Allergen Bureau FAQ – How should I label a commodity or product which is subject to agricultural co-mingling?

Agricultural co-mingling is the result of different crops being grown in close proximity with each other; sharing the same fields due to crop rotation; and / or sharing the same facilities for harvesting, transport and, storage despite the application of allergen controls as part of Good Agricultural Practices (GAPs). This means that the presence of variable amounts of one crop may be found in another crop. This is of particular concern in relation to the potential presence of allergens, such as cereals containing gluten, peanuts, soy and lupins. Although it is possible to apply processes to “clean” crops and reduce the concentration of co-mingled grains, seeds or pulses, these do not generally remove all traces of them and thus allergen identification and declaration is an important consideration.

Mandatory allergen labelling: The Australian and New Zealand legislation does not expressly cover labelling of the presence of allergens due to agricultural co-mingling. However, the ANZ Food Standards Code Standard 1.2.3-4 does however require named allergens (or their products) to be declared when they are present as:

(a)    an ingredient or as an ingredient of a compound ingredient; or
(b)    a substance used as a food additive, or an ingredient or component of such a substance; or
(c)    a substance or food used as a processing aid, or an ingredient or component of such a substance or food.
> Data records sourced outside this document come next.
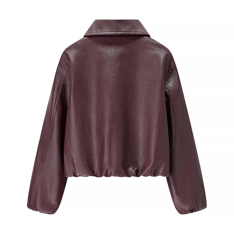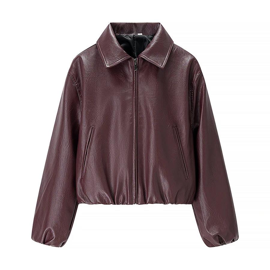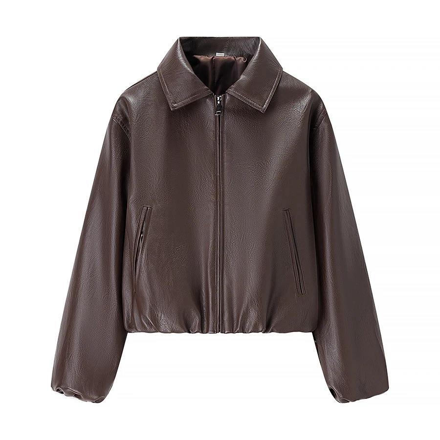 เสื้อโค้ทหนังเทียม แขนยาว ลายเรียบ คอปกพับ ซิปหน้า แฟชั่นใหม่สำหรับผู้หญิง ฤดูใบไม้ร่วง/ฤดูหนาว ผลิตจากโพลีเอสเตอร์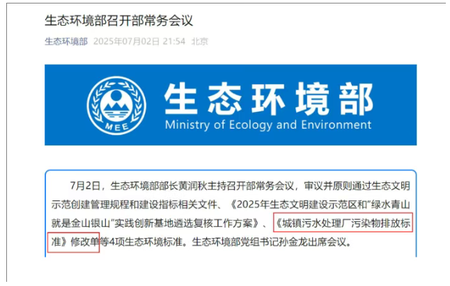 征求意见3年后,城镇污水处理厂污染物排放新标准终于要发布了。7月2日,生态环境部部长黄润秋主持召开部常务会议,审议并原则通过《城镇污水处理厂污染物排放标准》修改单(下称“修改单”)等4项生态环境标准。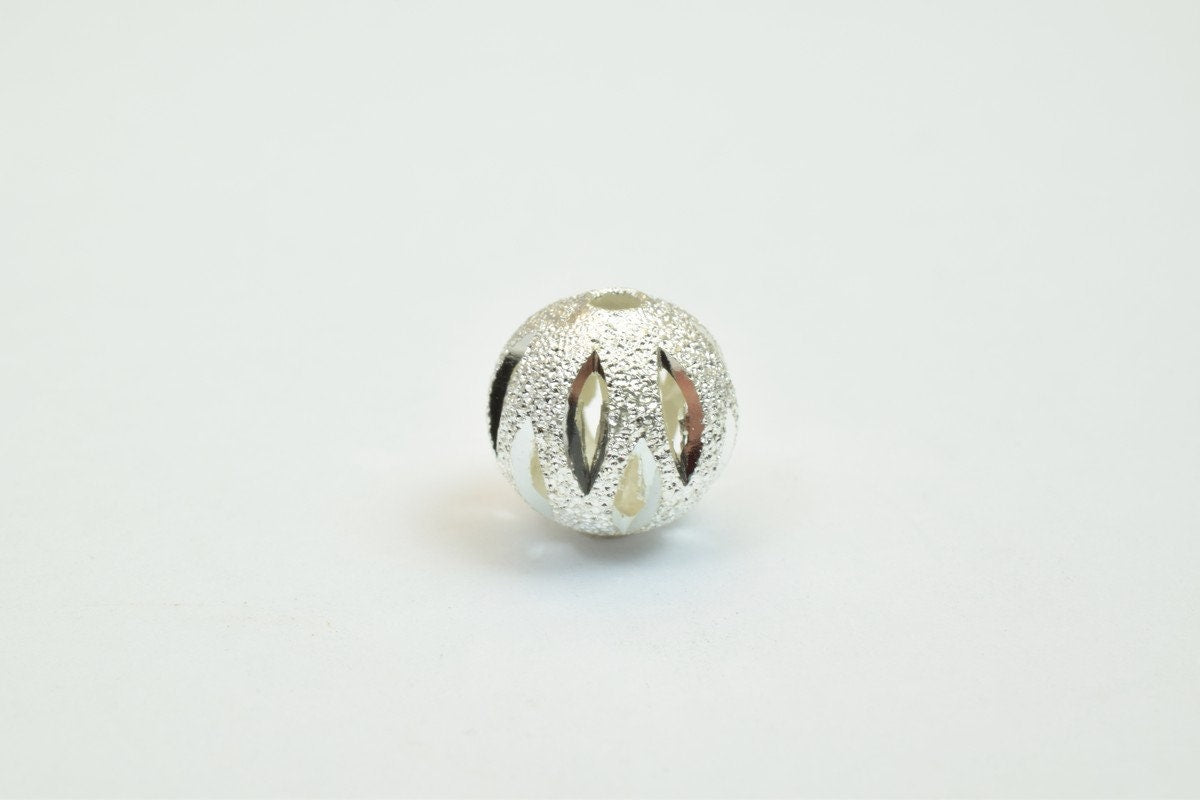 100 PCs Silver Plated Carved Round Beads 8mm/10mm Diamond Cut jewelry making supplies - detail image 5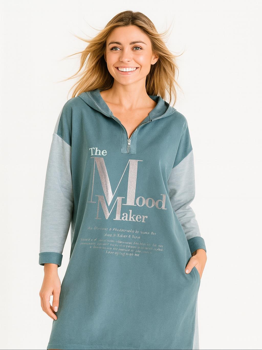 İtalyan Kapüşonlu Nubuk Elbise - İNDİGO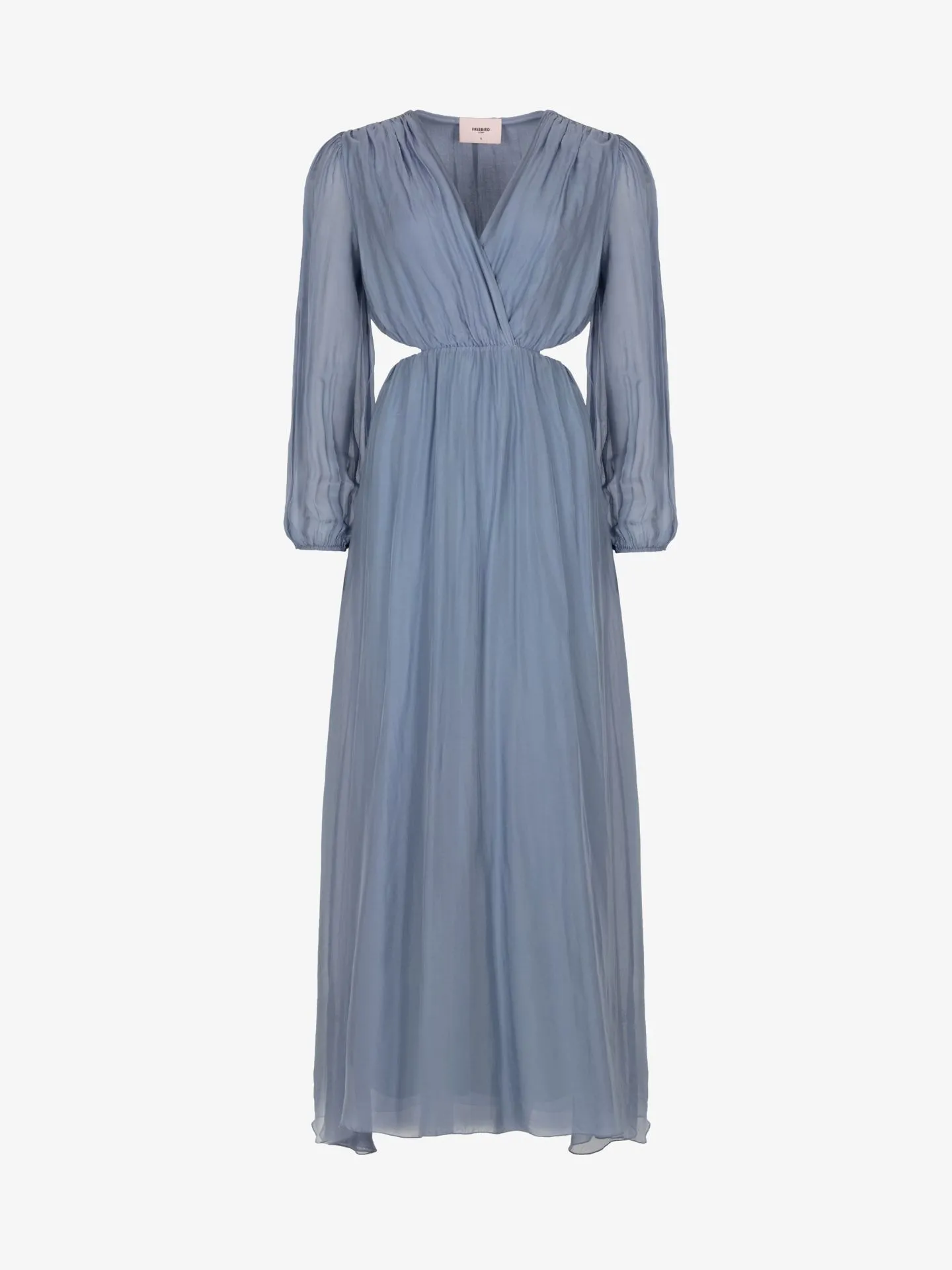 Deze blauwe maxi-jurk van het merk Freebird, model Diola, combineert een vloeiend silhouet met moderne details. Het is een maxi-jurk met een V-hals, lange transparante ballonmouwen en opvallende cut-outs (uitsnijdingen) aan de zijkanten van de taille.

Allergens present due to agricultural co-mingling do not fall under the requirements for mandatory labelling in the ANZ Food Standards Code. However, this does not remove the responsibility of manufacturers to communicate to their consumers the possible presence of an allergen to which they may be sensitive. This is similar to cross contact allergens present due to manufacturing which are also not expressly required to be labelled by the legislation and where the manufacturer must consider whether these allergens should be declared voluntarily on a product label.

Precautionary allergen labelling: The VITAL Program was developed to provide a standardised science-based risk assessment for voluntary cross contact allergen labelling and it may be appropriate to apply the same principles to the presence of allergens due to agricultural co-mingling in the absence of any mandatory requirements.

An important consideration in the use of the VITAL Program for co-mingled crops is to identify the physical form of the allergen. Where a grain or pulse has been milled or crushed, the allergen may be readily and homogeneously dispersed through the resulting meal or flour. In these cases, it may be possible to apply monitoring and analysis to assess the risk of a consumer being exposed to the minimum eliciting dose (Reference Dose) of the allergen. This approach may not be appropriate where levels of the allergen are highly variable and a further more detailed risk assessment may need to be applied. It is also important to consider that when the allergen is present in a particulate form, a lower level of co-mingling may still present a significant risk, especially when one or two particles (grains, beans, seeds etc.) may comprise an eliciting dose (Reference Dose). See the VITAL Program Guide for more details.

In order to make an informed risk based decision regarding these issues, further information should be collated to consider the nature of the allergen, the likely distribution and level of the allergen and whether the commodity implicated destined for further processing or immediate use by the consumer. All these factors need to be considered to make an appropriate risk based decision.